2018: A year of L hell, ferry launch and more

Vehicles and pedestrians squeeze between construction barriers along East 14th Street. (Photos by Sabina Mollot)

By Sabina Mollot

The year 2018 didn’t lack for major changes in the community from the transformation of East 14th Street into a (potentially full-time) construction zone to the maiden voyage of a ferry with a stop at Stuyvesant Cove to the axing of a courtyard full of beloved trees in Stuyvesant Town. There was also what appeared to be an uptick in crime perpetrated by youths and homeless men in Kips Bay as well as some political intrigue, with Congressional fixture Carolyn Maloney seeing her first serious competition in nearly a decade.

For more on the year that was, as covered by this newspaper, read on:

  1. There is no doubt at this point that 2018 was the year of L hell. (The day after Town & Village went to press, Governor Cuomo announced his alternative proposal.) Long before the dreaded L train shutdown even would begin, residents of the street have been impacted by the loss of 60 parking spaces, constant noise and clouds of dust from the vehicles going in and out of the construction area along the north side of the street, all while construction on developments goes on along the south side of the street. Local elected officials have been pushing the MTA for some concessions and have won a few so far, like better lighting along the construction barriers, sound reducing blankets and the installation of air quality monitors. But the effort has remained to reduce evening and weekend hours of work to give neighbors — some suffering from respiratory problems — a break. At one point, a lawsuit that had been filed to stop or delay the L train work due to accessibility and congestion issues was expanded to include the misery felt by residents whose apartments face the construction zone between Stuyvesant Town and the East Village.

The Lower East Side ferry arrives at Stuyvesant Cove during its maiden voyage

  1. The Lower East Side route of NYC Ferry was launched on the morning of August 29, making stops at Wall Street, Corlears Hook, Stuyvesant Cove, 34th Street and Long Island City. After the ferry’s maiden voyage, a roughly 34-minute trip, Mayor Bill de Blasio stated, “Our waterways ended up feeling like a disconnect,” said De Blasio. “People were separated by water. NYC Ferry changes that.”

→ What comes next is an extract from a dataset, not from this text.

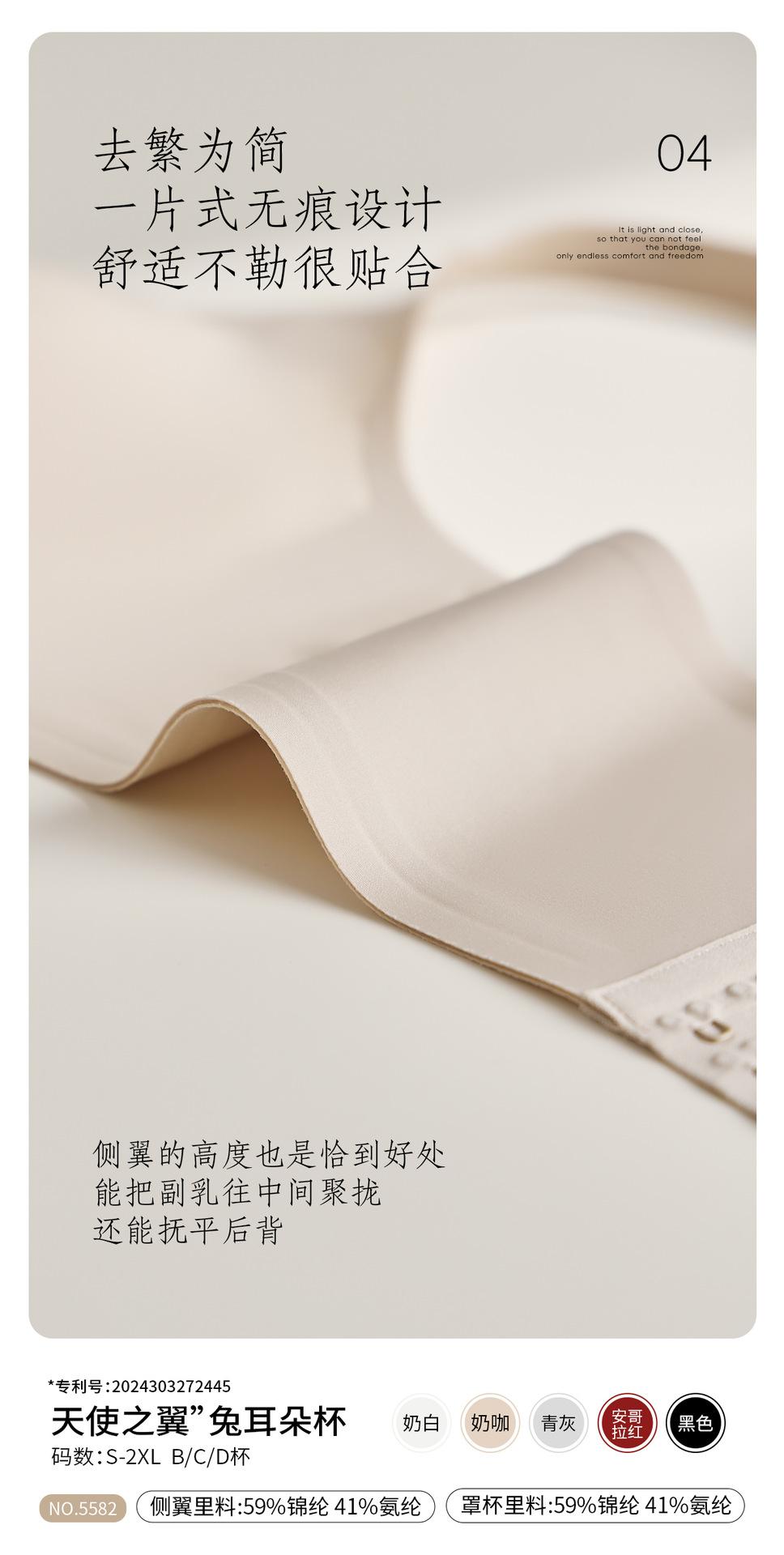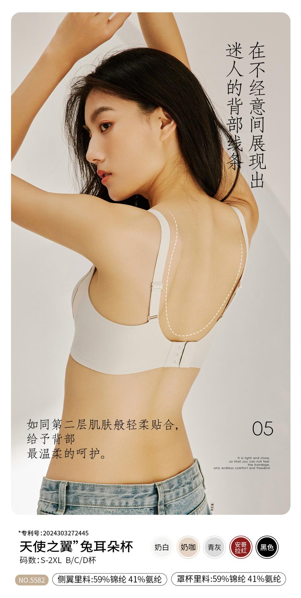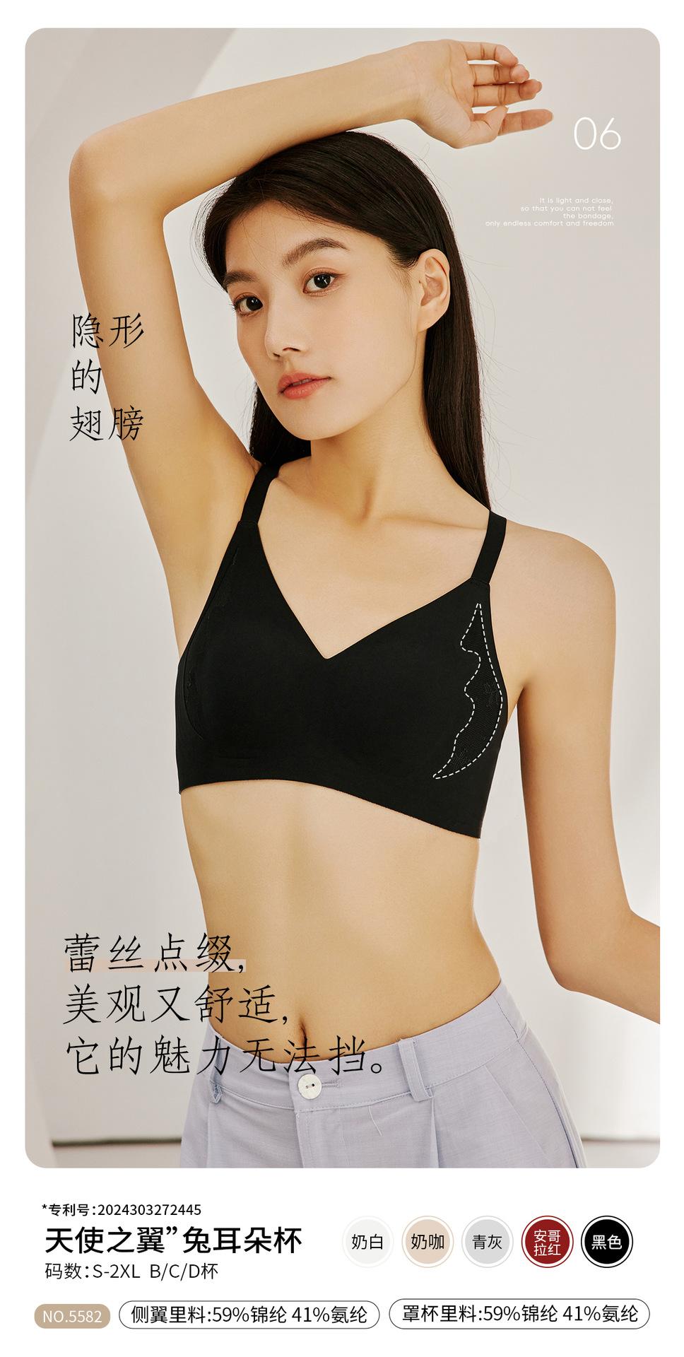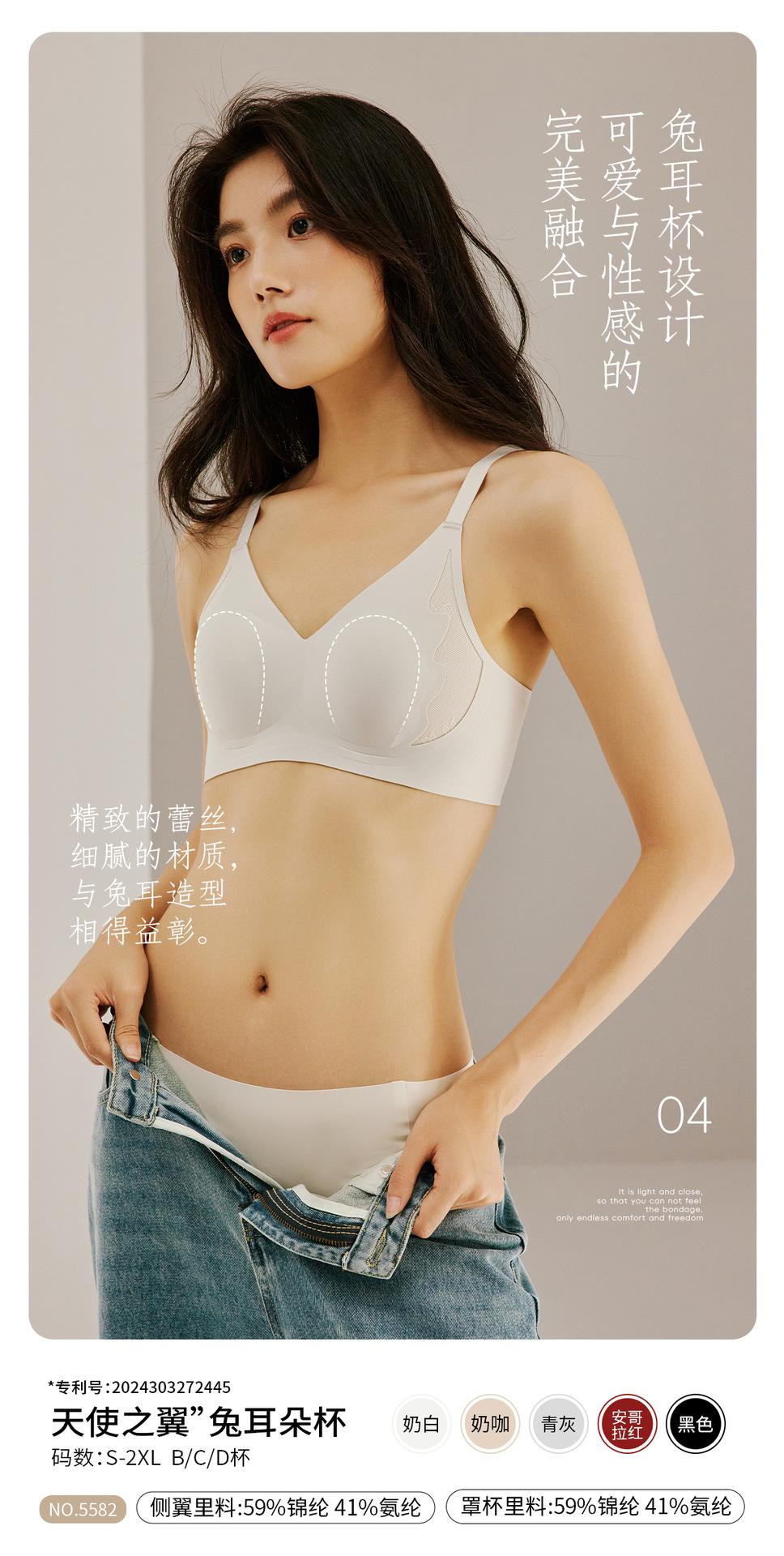 5582 Copa Talla Grande Oreja de Conejo Íntimos Ultrafinos para Verano Mujeres con Busto Grande, Sujetador de Aspecto Adelgazante, Push-Up Sensación Desnuda, Cómodo y Sin Marcas D

Waterside Plaza, home to an affordability preservation deal (Photo courtesy of Waterside Plaza)

  1. In August, the city and the owner of Waterside Plaza, Richard Ravitch, reached a tentative agreement that would preserve affordability in some fashion at 325 apartments, in exchange for lowered Payments in Lieu of Taxes to the city as well its blessing to extend the property’s lease to 99 years. The affected apartments would be those that were originally protected under the Mitchell-Lama affordable housing program but went private when the program expired. Depending on tenants’ income, the affordability deal would give them rent reductions, rent freezes or limited rent increases. Tenants meanwhile have asked the city to sweeten the deal further by asking if another aspect of the agreement, which would include tenants who are retiring in 2019, could be extended by several years. Waterside Tenants Association President Janet Handal has said this would help quite a few tenants who are approaching retirement age but are not quite there yet.
  1. A nanny was convicted of attempted murder after shoving a baby wipe down the throat of the infant she was babysitting at Waterside Plaza in 2017. She’d attempted to argue the wipe could have been placed in the baby’s mouth by his toddler sister but the court didn’t buy it. The nanny, Marianne Benjamin-Williams, is facing up to 25 years in prison for the attempted murder charge.
  1. As part of the preparation for the L shutdown, 20th Street east of First Avenue has been redesigned with the goal of enhancing traffic safety along the route to the new ferry. However, the project, which came with no warning and included the permanent removal of 12 parking spots, has only managed to infuriate neighbors who’ve been getting their cars ticketed and towed for parking in formerly legal spots, and who say it now feels less safe thanks to a bus stop being moved to an island outside a protected bike lane.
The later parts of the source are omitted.